FortiClient is an endpoint security solution that helps detect and mitigate vulnerabilities on client devices. FortiClient EMS is a centralized management server that provides visibility and control over FortiClient endpoints. In some cases, it can happen to have a situation where vulnerabilities detected by FortiClient on individual endpoints do not seem to be reflected in FortiClient EMS. This guide will help to troubleshoot and resolve this issue.

Troubleshooting Steps:

1. Check for Endpoint Communication:
   Ensure that the FortiClient endpoints are properly communicating with FortiClient EMS. Verify that the endpoints are connected to the EMS server and send regular status updates.
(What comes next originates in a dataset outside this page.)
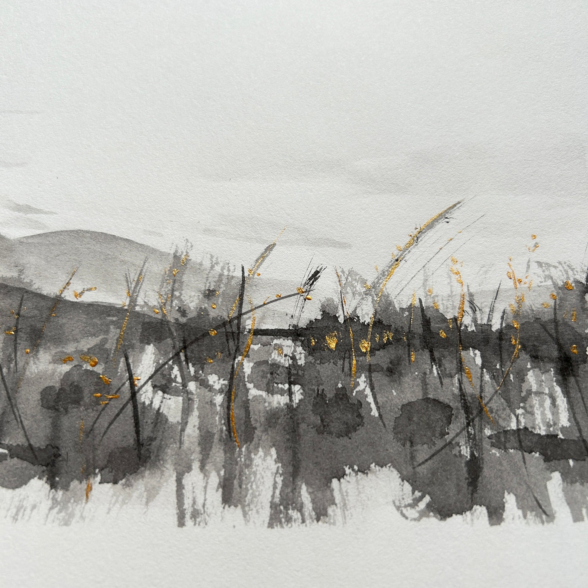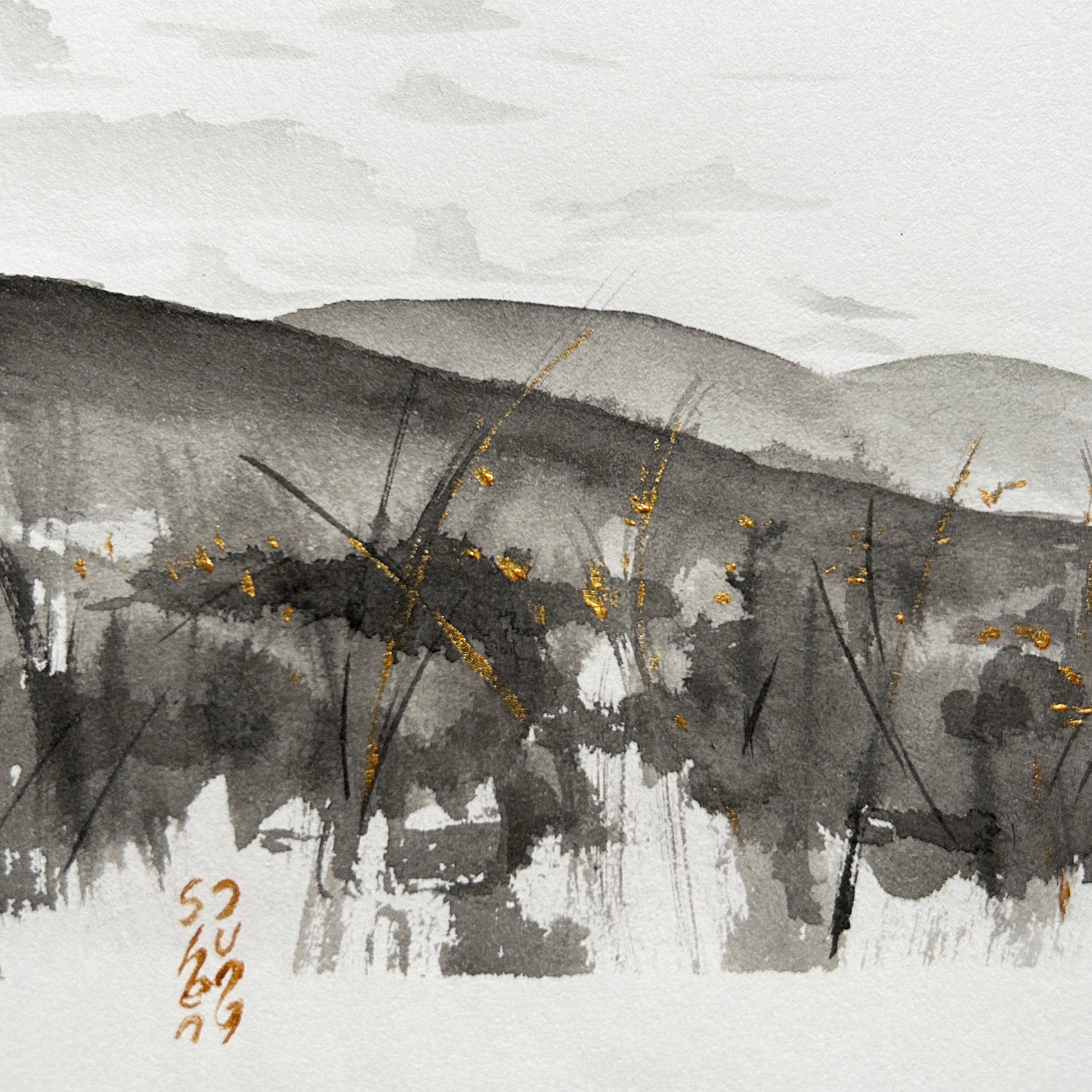• Peinture lavis en Encre de Chine & Pigment doré

2. Confirm Vulnerability Scanning:

   Verify that the FortiClient endpoints are performing vulnerability scanning. Check the FortiClient settings on the individual endpoints to ensure that the vulnerability scanning feature is enabled.

    

    

3. Review FortiClient EMS Configuration:

   Log in to FortiClient EMS and review the configuration settings. Ensure that the vulnerability scanning feature is enabled at the EMS level as well.

    

    

4. Check Vulnerability Signature Updates:

   Ensure that both FortiClient endpoints and FortiClient EMS have up-to-date vulnerability signature databases. Outdated signatures may not accurately reflect the latest vulnerabilities.

    

    

5. Inspect Vulnerability Severity Levels:

   Verify the severity levels of the detected vulnerabilities on the FortiClient endpoints. Sometimes, vulnerabilities with low severity may not be included in certain reports or dashboards by default.

    

    

6. Review EMS Dashboard Filters:

   Access the FortiClient EMS dashboard and review any applied filters or search criteria. It is possible that filters are in place that are excluding certain vulnerabilities from the view.

    

    

7. Examine FortiClient EMS Logs:

   Check the logs within FortiClient EMS for any error messages or warnings related to vulnerability data. Look for any potential issues with data ingestion or processing.

    

    

8. Run a Synchronization:

   Trigger a manual synchronization between the FortiClient endpoints and FortiClient EMS. This can help ensure that the latest vulnerability data is sent to the EMS server.

    

    

9. Check for Compatibility Issues:

   Ensure that the FortiClient endpoint versions and FortiClient EMS versions are compatible with each other. Incompatibility can lead to data synchronization issues.

    

    

10. Consult Fortinet Support:

    If the issue persists and it is impossible to identify the root cause, consider reaching out to Fortinet Support for assistance. The service can provide advanced troubleshooting and guidance based on the specific environment.